ICE DAMS 101

Friday, January 24th, 2014 - Post by Betsy Pond

While Icicles look somewhat magical and remind us that winter has arrived, they are in fact an indication that something is wrong in that home.  Usually that something is the dreaded ice dam.

Let me give you a definition of an ice dam and why it occurs:  An ice dam is a block of ice that forms at the edge of the roof preventing the melting snow from properly draining off the roof.  The melted water backs up behind the ice dam and remains a liquid.  Since roofing systems are designed for water to run downhill rather than up, the water will find a path of least resistance to escape, and it finds cracks and openings in the exterior roof into the attic through the walls and ceiling.

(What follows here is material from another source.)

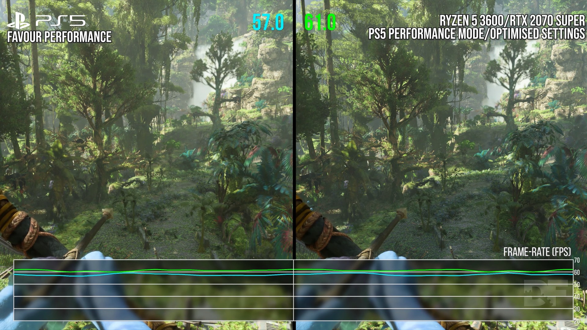 If we visit a spot where the PS5 is bottoming out at a 720p internal resolution with FSR 2, the RTX 2070 Super has a minor five percent performance lead - though, as discussed above and in our Avatar developer interview, the PS5 deploys extra optimisations to reach its frame-rate target.

If you have an ice dam, there is very little you could have done to prevent its formation.  Even though code requires that roofing underlayment be installed 24 inches from the eave, it is merely a preventive measure rather, than a guarantee, that water will not back up and find a way into the interior.   As heat rises, the air in your attic is warmest at the top and coolest at the eaves – and that is why snow on the roof will begin to melt first at the top and refreezes when it reaches the cooler eaves.

Because damage from ice dams is not covered by either roofing contractors or manufacturers, if you have interior damage, please contact your insurance company immediately.  Do not make arrangements for repair until the ceilings and walls are dry.  Take pictures of the interior damage, but under no circumstances try to get on the roof.

To help avoid ice dams, make sure your attic is well insulated and properly ventilated.

Once an ice dam forms, there is nothing you can do – it will normally go away on its own.  About all you can do is arm yourself with buckets, mops and tarps for the furniture.